Sinyangwe realized that the server, the man printing papers and the other people working in the lunch line were all prisoners.
Inmates working at the capitol building in Baton Rouge is a common sight. Prisoners work in the Louisiana governor’s mansion and inmates clean up after Louisiana State University football games as well. But the labor practice of having inmates work in state government buildings extends beyond Louisiana; at least six other states in the U.S. allow for this practice: Arkansas, Alabama, Missouri, Oklahoma, Nebraska and Georgia.
The inmates allowed to work in the capitol or at the governor’s mansion are fairly low in number and are carefully screened. According to NOLA.com, about 20 to 25 people work daily in the capitol, and 15 to 18 other inmates work as groundskeepers outside the building. The inmates may not be serving a sentence for a sex crime or a violent offense like murder and must have a history of good behavior while incarcerated and display good work ethic. Furthermore, only inmates at the Dixon Correctional Institute (a men-only facility) can work at the capitol, as it is only 30 miles away.
A similar process occurs in Georgia, where inmates must receive a referral from the Board of Pardons of Parole or the Classification Committee within a state prison. Working at the governor’s mansion in Georgia is contingent upon an inmate’s criminal history, their behavior while incarcerated and their release date, among other factors.
The inmates perform janitorial tasks such as cleaning the floors or the offices of state legislators. In the Louisiana capitol, inmates also perform small tasks for legislators like grabbing lunch for them.
While inmates working in state government buildings are dutifully screened, they are not much better paid than prisoners with other jobs. In Louisiana, inmates in the capitol are paid between 2 and 20 cents per hour. They could opt for earning good-time credit toward early release, but only if they qualify. And with a normal workday of at least 12 hours—from 5 in the morning to at least 5 in the afternoon, barring legislative sessions when inmates work more than 12 hours—the prisoners make between 24 cents and $2.40 a day. Inmates working in the governor’s mansion in Missouri recently got a small pay raise to $1.25 an hour to make about $10 per day. With the previous arrangement, prisoners earned $9 a day. In Arkansas, the prisoners are not paid at all.
History of the practice
The practice of using prison inmates as laborers stretches back to the end of the Civil War and the Emancipation Proclamation. As more black people were freed from slavery, the plantation economy of the South began to falter with the loss of their primary form of labor. The result was the establishment of vagrancy laws, which specifically targeted black communities, in an effort to incarcerate more black people and force them to work once again.

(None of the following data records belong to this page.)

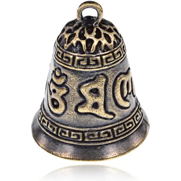 Подвеска для кулона или брелка в виде колокола с мантрами, изготовленная из бронзы.
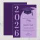 A modern graduation ceremony invitation card with purple colors. The text details and image can be personalized.
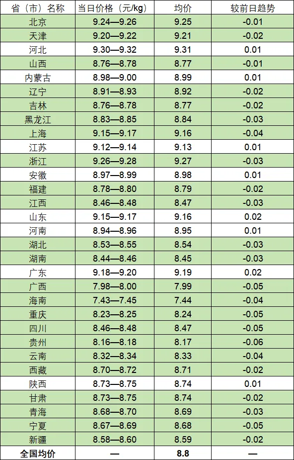? ? ?4月15日全国猪市延续低位震荡格局,供需博弈加剧,区域分化特征显著。据农业农村部及权威行业平台监测,当日全国外三元毛猪均价8.80元/kg,较前日微跌0.02元/kg;瘦肉型白条肉批发均价16.05元/kg,较前日下跌0.18元/kg,整体延续“供强需弱”的基本面,但局部地区因出栏节奏与需求差异出现小幅反弹。
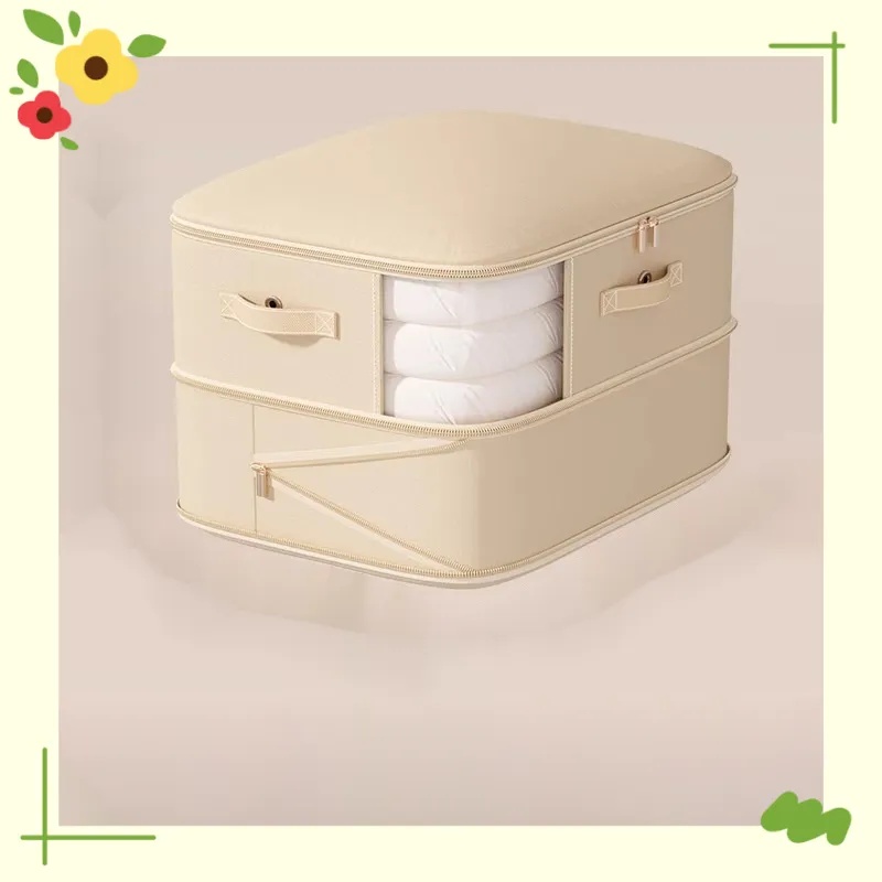TEMU 1개 공간절약형 이중층 수납백, 투명창 있는 두꺼운 통기성 사각정리함 지퍼포켓 - 의류·베개·가정용품·주방용품··옷보호대에 적합한 다목적수납박스. 홈오거나이저, 클로젯조직자, 이중레이어디자인, 강화된솔기, 내구성있는원단

Even the name given to prisoners who work as servants in governor’s mansions and capitol buildings in some states—trustee—is the same title that was given to prisoners who worked as overseers on infamous prison plantations such as Angola and Parchman. Prison plantations began replacing the convict lease system in the 1920s as a way for prisoners, an overwhelming majority of whom were black men, to work. Back then, it was considered a privilege to be an overseer on a plantation, and the same narrative goes for inmates working in governor’s mansions today.
“All of this, it looks very familiar: having black laborers toiling in the fields under the eye of overseers and having a white governor served by people drawn from that same forced labor pool,” said Carl Takei, a staff attorney at the National Prison Project of the ACLU.
Since then, prisoners have been used as underpaid and unpaid laborers, from private companies to state government buildings. The legal loophole that allows this practice to continue is the 13th Amendment to the Constitution. While the 13th Amendment is best known for abolishing slavery, a clause in the amendment stipulates for the continued legality of slavery within the criminal justice system.
The clause reads: “Neither slavery nor involuntary servitude, except as a punishment for crime whereof the party shall have been duly convicted, shall exist within the United States, or any place subject to their jurisdiction.”
“If somebody is being subjected to forced labor as part of their sentence in a criminal proceeding, then that is outside the scope of the 13th Amendment,” Takei said.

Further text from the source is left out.